→ Task to complete:
The data below holds a line containing "Cosas que honran" and a line containing "BOXER WAISTBAND DENIM SHORTS - BLACK WASH"; please quote exactly those two lines and every line between them, and nothing else.

→ Material for the task:
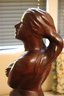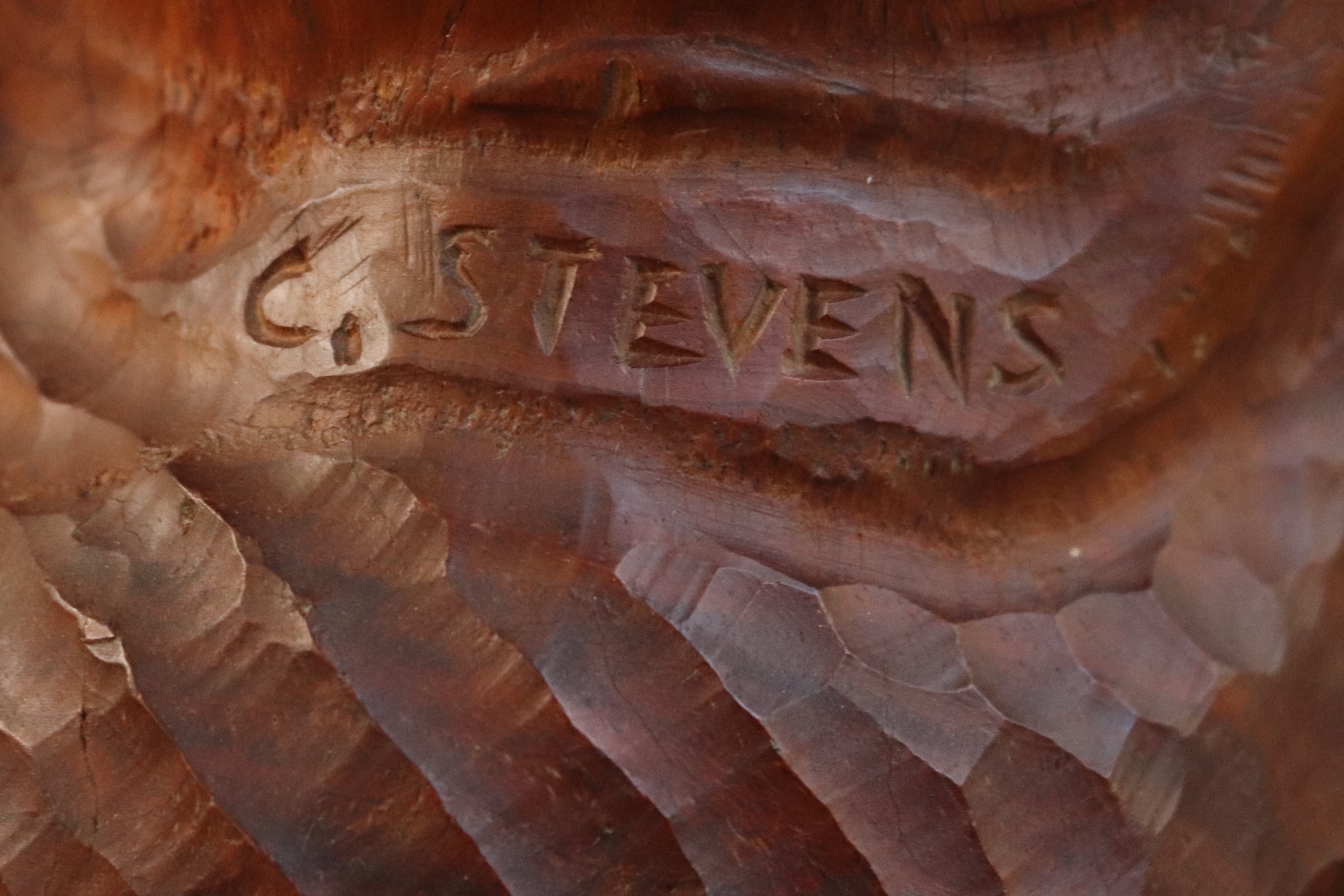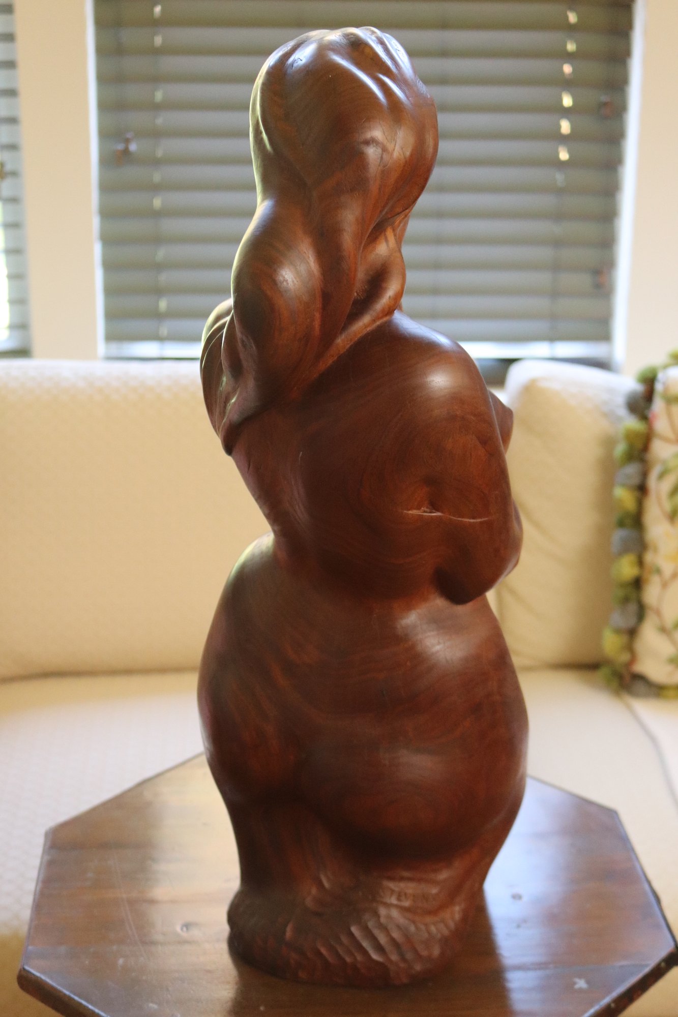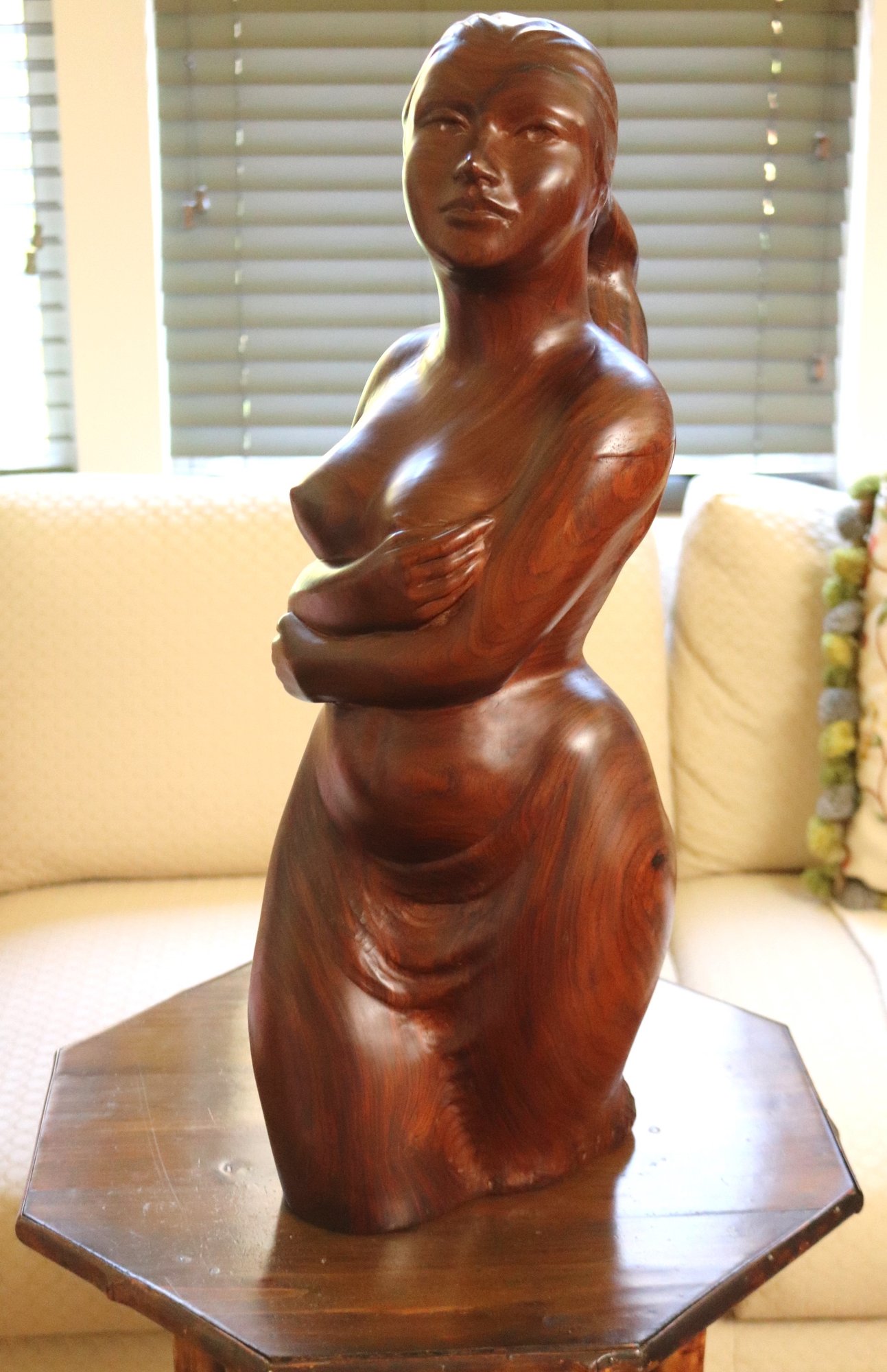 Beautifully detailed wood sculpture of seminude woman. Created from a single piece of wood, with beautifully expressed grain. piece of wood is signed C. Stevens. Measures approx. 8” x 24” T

==

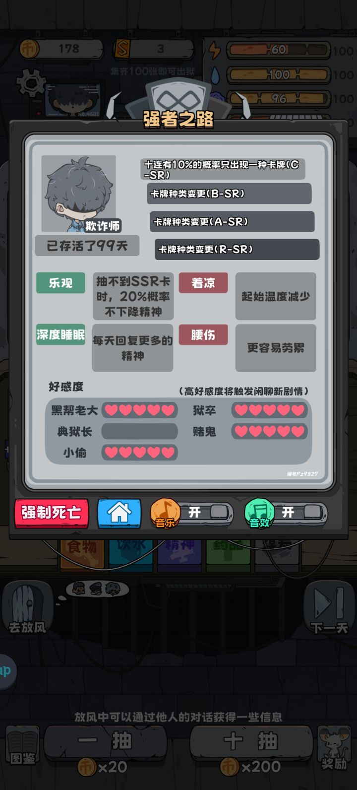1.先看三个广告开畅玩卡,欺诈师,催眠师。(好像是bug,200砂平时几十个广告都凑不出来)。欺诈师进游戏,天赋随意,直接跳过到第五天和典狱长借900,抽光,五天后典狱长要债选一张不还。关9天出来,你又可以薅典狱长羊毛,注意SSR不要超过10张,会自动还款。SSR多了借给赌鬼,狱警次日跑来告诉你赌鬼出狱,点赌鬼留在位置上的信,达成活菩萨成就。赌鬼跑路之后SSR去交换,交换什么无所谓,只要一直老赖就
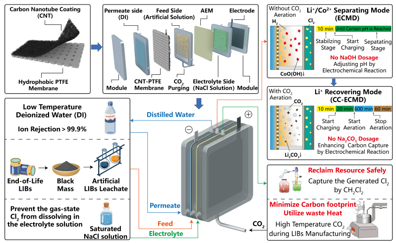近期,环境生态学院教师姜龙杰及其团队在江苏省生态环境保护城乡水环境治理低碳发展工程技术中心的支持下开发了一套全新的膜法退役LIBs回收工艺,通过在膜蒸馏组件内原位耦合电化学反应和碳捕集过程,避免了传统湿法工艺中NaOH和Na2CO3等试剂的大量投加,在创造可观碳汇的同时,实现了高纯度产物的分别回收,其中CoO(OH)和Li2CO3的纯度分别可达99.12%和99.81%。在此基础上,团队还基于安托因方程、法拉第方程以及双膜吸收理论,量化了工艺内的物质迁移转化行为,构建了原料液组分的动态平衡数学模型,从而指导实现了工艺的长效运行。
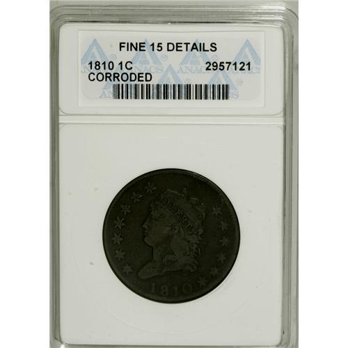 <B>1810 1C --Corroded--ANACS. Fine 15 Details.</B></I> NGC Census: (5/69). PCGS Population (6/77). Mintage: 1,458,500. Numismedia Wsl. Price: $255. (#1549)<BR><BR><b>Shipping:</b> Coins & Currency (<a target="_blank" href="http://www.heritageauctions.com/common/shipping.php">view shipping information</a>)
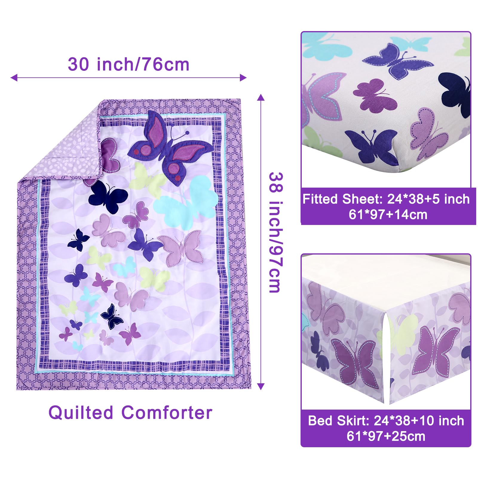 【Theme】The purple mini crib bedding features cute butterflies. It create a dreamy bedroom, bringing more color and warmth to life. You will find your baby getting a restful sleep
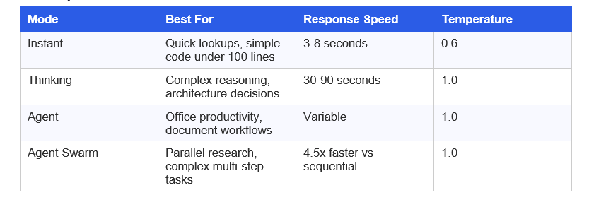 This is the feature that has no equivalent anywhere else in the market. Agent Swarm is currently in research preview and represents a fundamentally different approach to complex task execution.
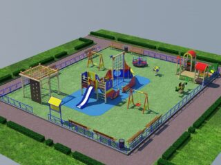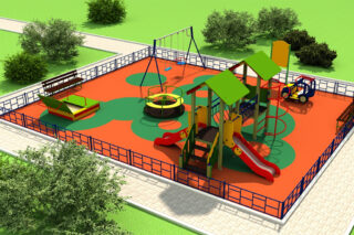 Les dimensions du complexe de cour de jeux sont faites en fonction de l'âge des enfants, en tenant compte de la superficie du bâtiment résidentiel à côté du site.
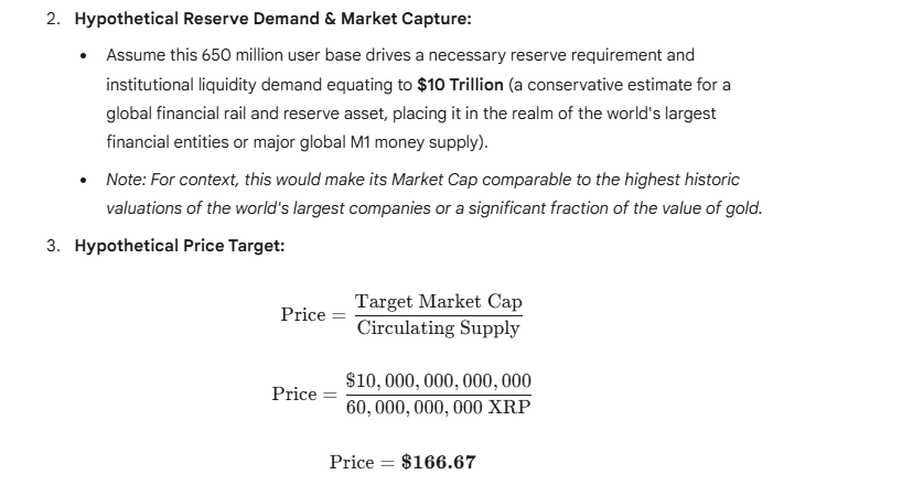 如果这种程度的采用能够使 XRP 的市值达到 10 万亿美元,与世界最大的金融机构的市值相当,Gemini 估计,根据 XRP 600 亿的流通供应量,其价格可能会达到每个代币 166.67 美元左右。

---

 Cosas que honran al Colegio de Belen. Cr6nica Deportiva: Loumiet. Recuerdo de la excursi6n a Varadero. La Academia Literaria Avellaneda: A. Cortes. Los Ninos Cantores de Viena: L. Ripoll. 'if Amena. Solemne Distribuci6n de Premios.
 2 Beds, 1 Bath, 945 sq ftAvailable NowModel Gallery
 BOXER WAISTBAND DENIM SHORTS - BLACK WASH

→ Exercise result:
 Cosas que honran al Colegio de Belen. Cr6nica Deportiva: Loumiet. Recuerdo de la excursi6n a Varadero. La Academia Literaria Avellaneda: A. Cortes. Los Ninos Cantores de Viena: L. Ripoll. 'if Amena. Solemne Distribuci6n de Premios.
 2 Beds, 1 Bath, 945 sq ftAvailable NowModel Gallery
 BOXER WAISTBAND DENIM SHORTS - BLACK WASH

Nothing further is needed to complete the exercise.